Soft, at first, then sharper beeping began to seep into his subconscious as he watched himself float in a sea of shadow. Incessantly, the beeping grew louder and more shrill. He could have continued to ignore it indefinitely, but by his very nature, he knew he had to answer it.
"What is it now?" Slowly, his eyes opened. Even in the darkness shrouding the inside of his ship, he had to blink several times to get them used to how much light there was.
"You'd think the cosmos could go a few centuries without needing me around, holding its hand." He punched a button and the beeping stopped. It wasn't an alarm clock, per se.
"Good of you to awaken, hmm."
"I-it's cold, Yoda." Vek began to shiver as the veil of sleep began to lift from his eyes. Immediately, he pulled his robes tighter around his frame. He tried to start the Ebon Hawk, but batteries weren't responding.
"Yes, cold, good. Wake you up, it should." The blue Force ghost still hobbled on his gimer stick. But he was also spry. Yoda hopped up on the console, stared at Vek.
"Twelve centuries have passed, and more, Vek," he said.
"Say what?" Vek replied absently. Though the batteries were definitely dead, he'd planned for this eventuality. A backup system, isolated from the rest, remained. Even though it, too, was dead, it needed far less power to get it started. Closing his eyes again, he touched the bare wires, using a spark from the Force to get the generator humming. It, in turn, began to reinitialize the batteries inside the Hawk.
Before long, the engines were thrumming and life-support – and better, heat – began flowing through the ducts.
"Now, what were you saying?" Vek asked the ghost.
"Twelve centuries, and more," Yoda said sternly. "For a very long time, asleep, you have been, Master Vek."

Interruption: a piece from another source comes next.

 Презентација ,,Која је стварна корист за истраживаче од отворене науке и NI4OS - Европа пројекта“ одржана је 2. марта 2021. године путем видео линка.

"Time flies when you're having fun," he replied.
Yoda glared. "Knock your shins, with my gimer stick, I would." Then, the former Grand Master of the Jedi sighed, down deep within his diminutive frame. "Arisen, the Sith have. And the Jedi." He seemed sad about it all.
"It's a never ending cycle," Vek said. Yoda had lived for nearly nine hundred years. He'd seen his fair share of cycles. Vek, on the other hand, had been here for fifty-five hundred years.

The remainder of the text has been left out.